On the positive side for China and other emerging markets is the US Federal Reserve, which has been on a more moderate course since January, which tends to weaken the dollar. But this too has a downside. The Federal Reserve's willingness to relax its monetary policy again if necessary is due to the slowing momentum of the US and global economy, which in turn is negative for the emerging markets.

"The bottom line is that the emerging market environment is challenging," says the portfolio manager, who invests primarily in emerging market local currency bonds. Against this backdrop, it is a dangerous strategy for many asset managers to be guided almost exclusively by the yield level when selecting debt instruments for their funds. "In the past, this has often caused trauma for many investors who have not been able to get out of these positions in the event of a crisis," she says.
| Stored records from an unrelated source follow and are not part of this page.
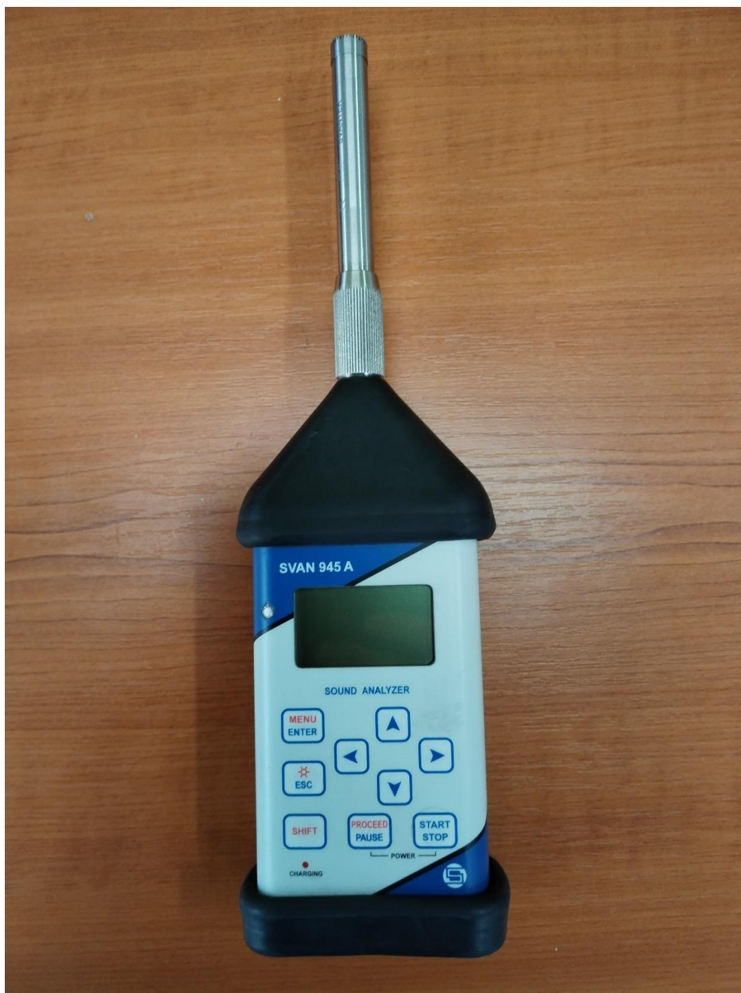
Slika 7. Zvukomjer SVANTEK

čimbenika radnog okoliša za tvrtku „METALLIS d.o.o.“ je pozitivno ocijenjen uz napomenu da se radnicima preporuča ili da su obavezni koristiti osobnu zaštitnu opremu za zaštitu sluha ovisno o mjestima na kojima rade i borave. Za ispitivanje buke korišten je zvukomjer SVANTEK, tip: 945A, sr.br. 4187.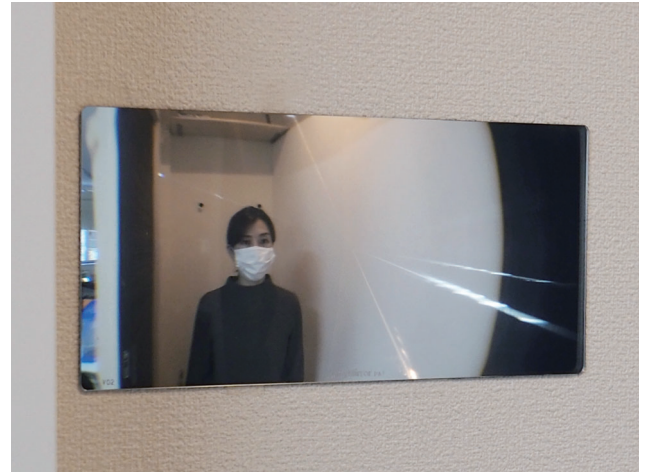
従来の FF ミラー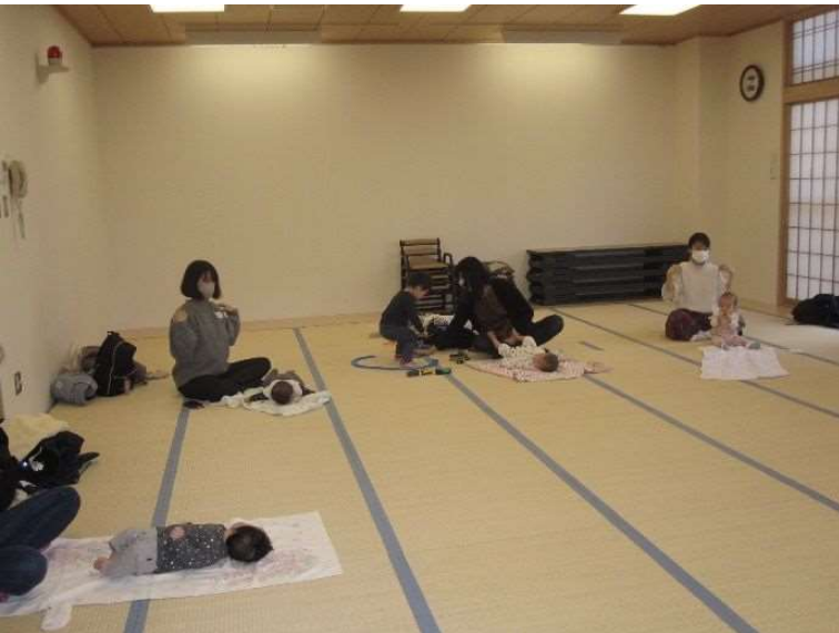
セミナー受講風景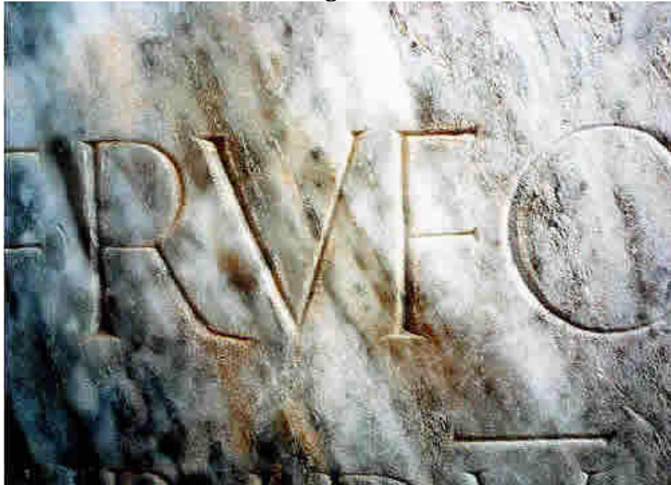
Particular da primeira linha: RUFO – com a cauda do “R” utilizando o espaço criado pela barra transversal esquerda do “U” seguinte.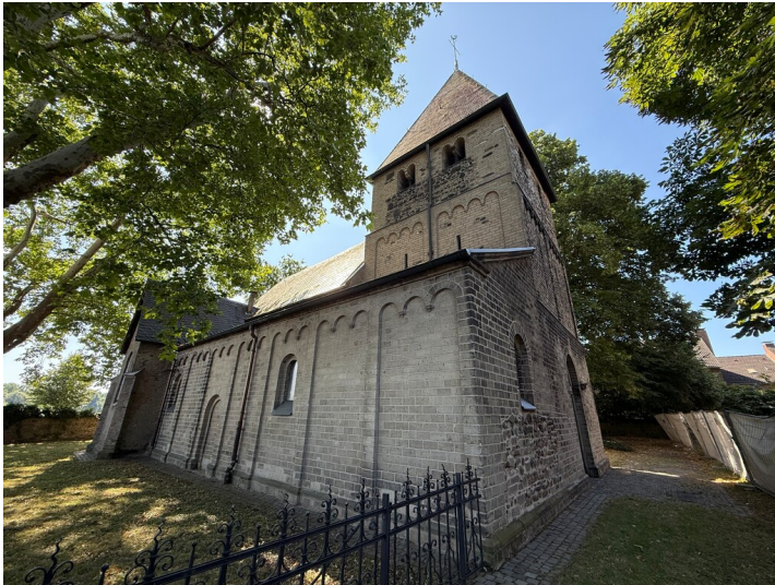
Blick von Norden auf die Kirche Alt Sankt Katharina in Köln-Niehl, auch "Niehler Dömchen" genannt (2025)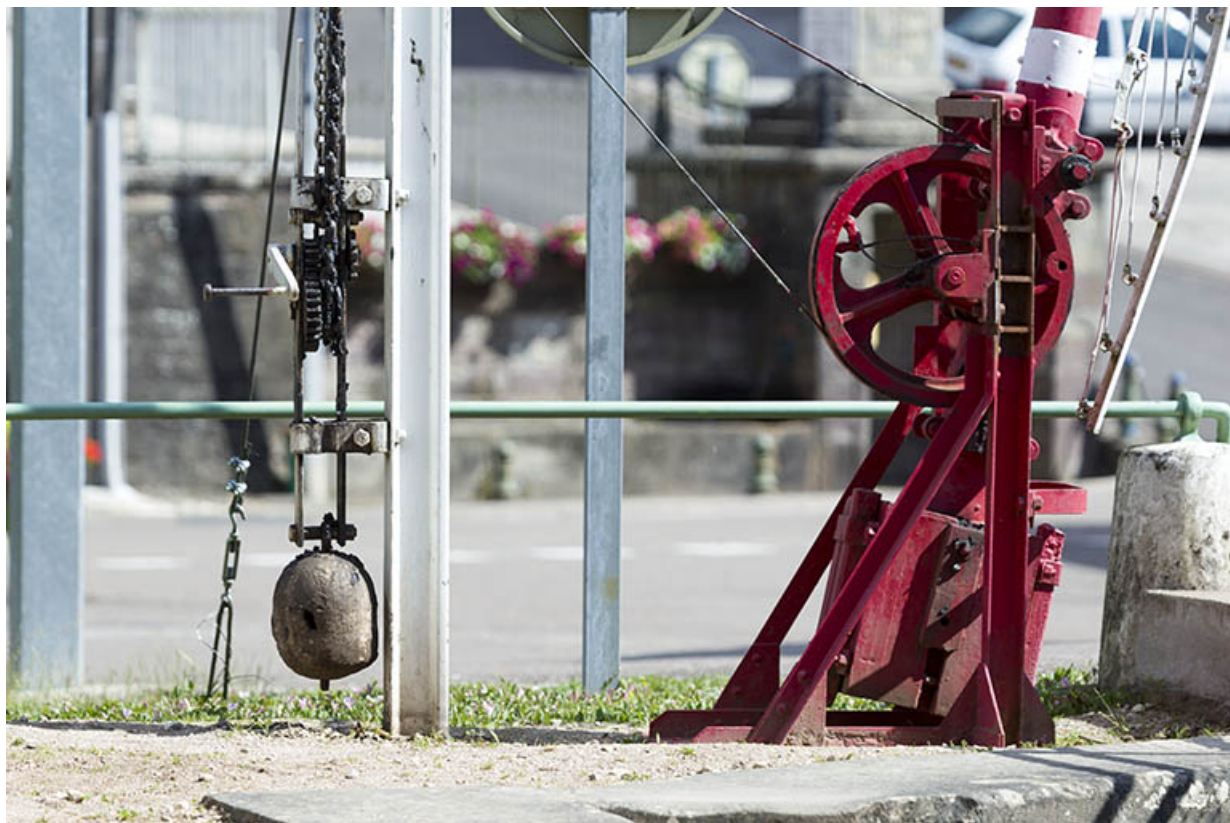
Détail du mécanisme de la barrière.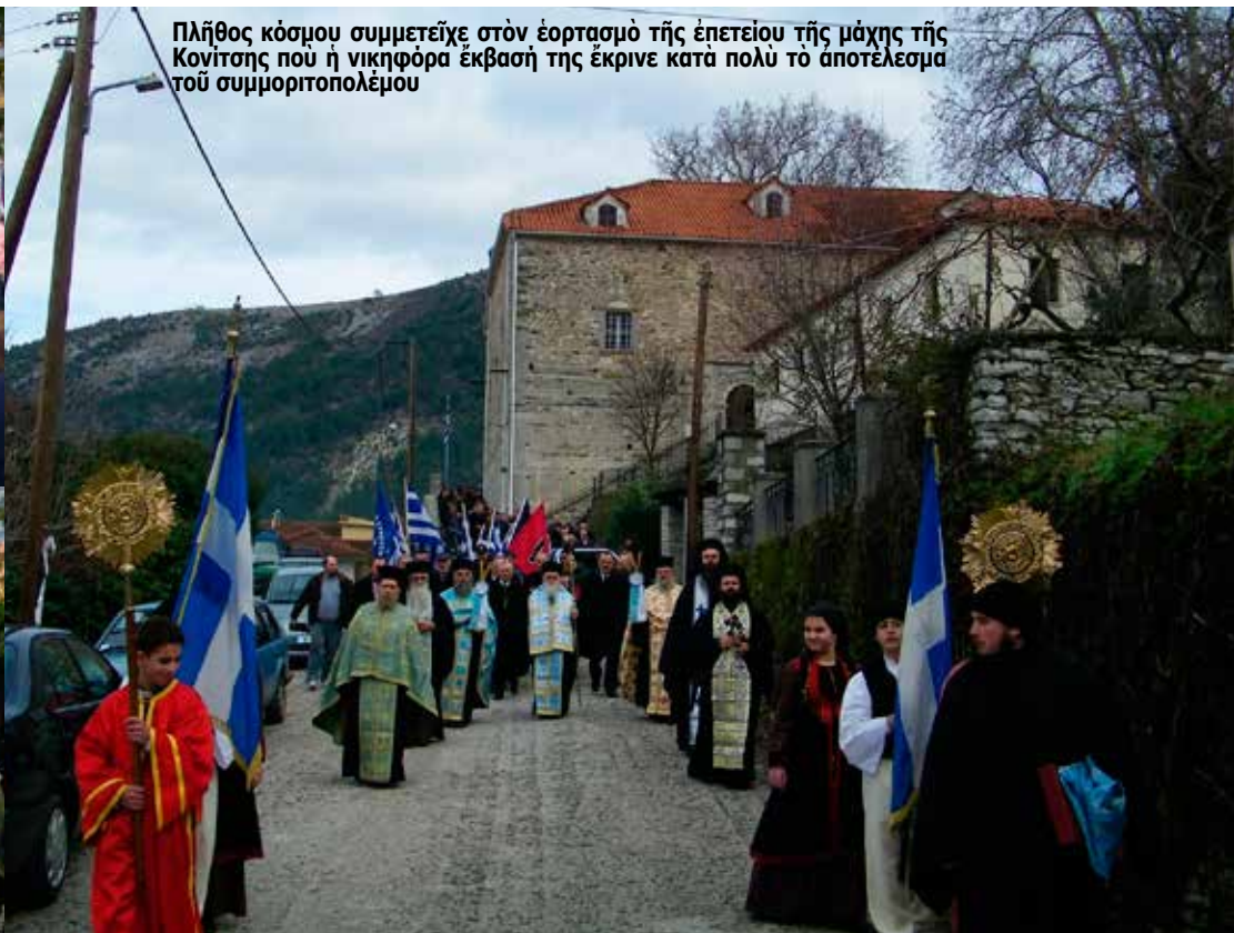
Πλήθος κόσμου συμμετείχε στον έορτασμό της επέτειου της μάχης της Κονίτσας που ή νικηφόρα έκβασή της έκρινε κατά πολύ το αποτέλεσμα του συμμοριτοπολέμου

She considers a two-part strategy to be more suitable. "As a first step, we look at a number of global factors top-down. Most important is the Fed's monetary policy and its impact on the dollar. In our experience, about 75 percent of the performance comes from the currency," explains the portfolio manager. In addition, there is the bottom-up analysis of local issues and individual issuers.

Accordingly, Eurizon Fund - SLJ Local Emerging Market Debt is currently overweight in Polish bonds, for example. "The zloty is stable and securities from Poland have benefited from their status as safe havens," explains Ravaï. On the other hand, the sub-fund is underweight in South African and Brazilian bonds. Turkish bonds are very attractive because of their exceptionally high yields as long as the currency does not move. However, the market has almost completely collapsed, which is why one has to act very cautiously. "That's why we only positioned ourselves at the short end," concludes the portfolio manager.

Eurizon Fund - SLJ Local Emerging Market Debt Z (LU1529956952), calculated in euros as of 30 June 2019, has performed 9.24 percent since the beginning of the year (versus 9.14 % as the benchmark performance).